For Vatma Vall Mint Soueina, Mauritania’s minister of livestock, securing safe passage for pastoralists is the first step to make herding thrive in tougher climatic conditions.

“Mobility on its own is not enough. Our country lacks the infrastructure and services to support pastoralists,” she said.

To remedy this the BRACED programme is equipping established livestock corridors with animal clinics and fodder sales points, which herders can use for a small fee, Hamadi said.

Elmouved, who was looking to buy drugs for his sick animals, said: “You can have all the animals in the world but if they’re too skinny, they won’t fetch anything at the market.”

- Power to women -

Herders are gaining recognition in Mauritania but one group remains largely overlooked: pastoralist women.
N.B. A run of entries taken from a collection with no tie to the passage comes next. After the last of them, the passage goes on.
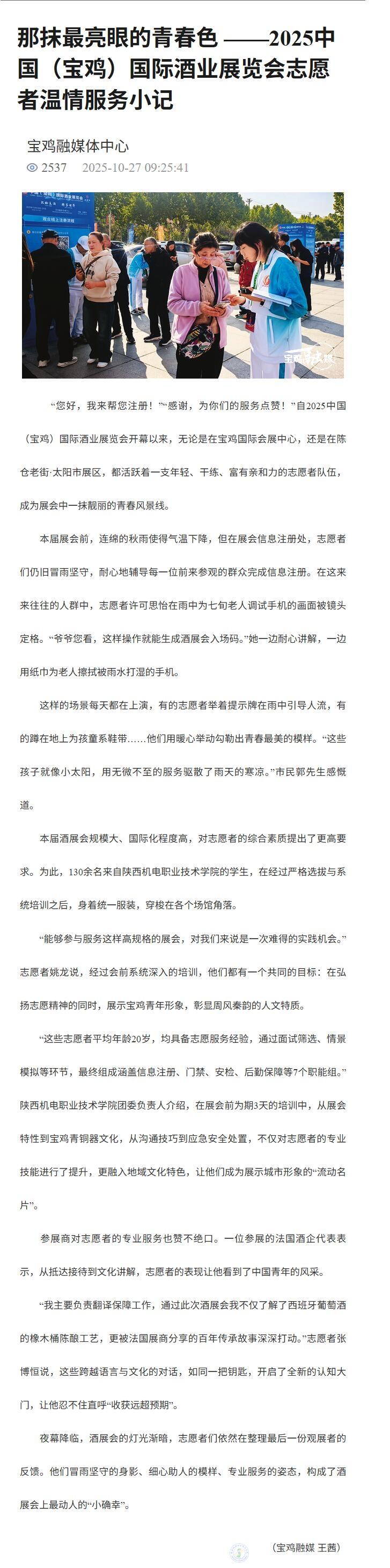 “您好,我来帮您注册!”“感谢,为你们的服务点赞!”自2025中国(宝鸡)国际酒业展览会开幕以来,无论是在宝鸡国际会展中心,还是在陈仓老街·太阳市展区,都活跃着一支年轻、干练、富有亲和力的志愿者队伍,成为展会中一抹靓丽的青春风景线。
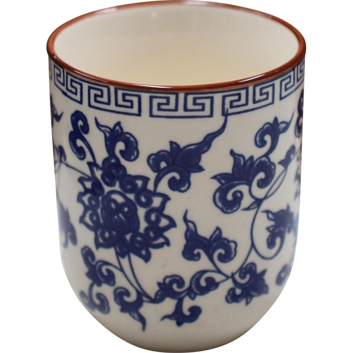 So, our Jappa Cup Elegant Blue. This one just works in every kind of shop setting and we see it move across all price-points. At 6.5x6.5x8cm, it’s not your average novelty mug - it is handmade ceramic that does a better job as a styling accent or gift than most. It’s neutral - thanks to the soft blue - but is also a bit of a statement piece. The floral-like motif is chic and classic, not garish at all.
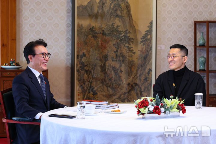 [서울=뉴시스] 김민석 국무총리는 22일 국무총리 공관에서 강민구 셰프를 초청, '제8차 K-토론나라 : 총리의 인터뷰'를 개최했다. (사진=국무총리실 제공) 2025.12.24

Transhumance remains predominantly a male activity, with women typically staying at home to manage harvests, any remaining animals and finances, said Aminetou Mint Maouloud, who set up the country’s first association of women herders in 2014.

Women and children used to join men on their travels, local people said, but as the trips with the herds became longer and riskier they were told to stay home.

While that means more responsibilities for women in the village, it does not always translate into more power as far as men are concerned, Maouloud said at a meeting with a dozen pastoralist women in Nouakchott.

“For example, women are barely ever consulted on strategic matters such as what to do with the family herd or where to go looking for pastures,” said Maouloud.

To change that, her association has elected a council of eight women from villages around the country to lobby the government on pastoralism issues. However, Maouloud said it would take time to change views.

Sidi, the cattle owner and farmer from Trarza, said he cannot imagine women joining him when he moves his herds.

“They don’t understand animals,” he said. “I’m not against them joining in principle but not my wife.”

Mouna Mokhtar, a pastoralist from R’Kiz whose husband and cattle have been gone for six months, said she feels ready to lead a herd herself “but I don’t think (my husband) would let me because he negotiates better prices for our animals at the market.”

Instead, she set up a vegetable cooperative in 2013 with 70 women from nearby villages. They pool their rice, onion and tomato harvests and sell them to wholesale buyers. They share the profits — about $14 per woman per month — and spend the surplus on drought-resistant seeds.

Although the women’s husbands support the initiative, Mokhtar said, she was not counting too much on male support.

“It’s great that they’re encouraging us but what we need is money,” she said. “If they really wanted our help, they would let us travel with them.”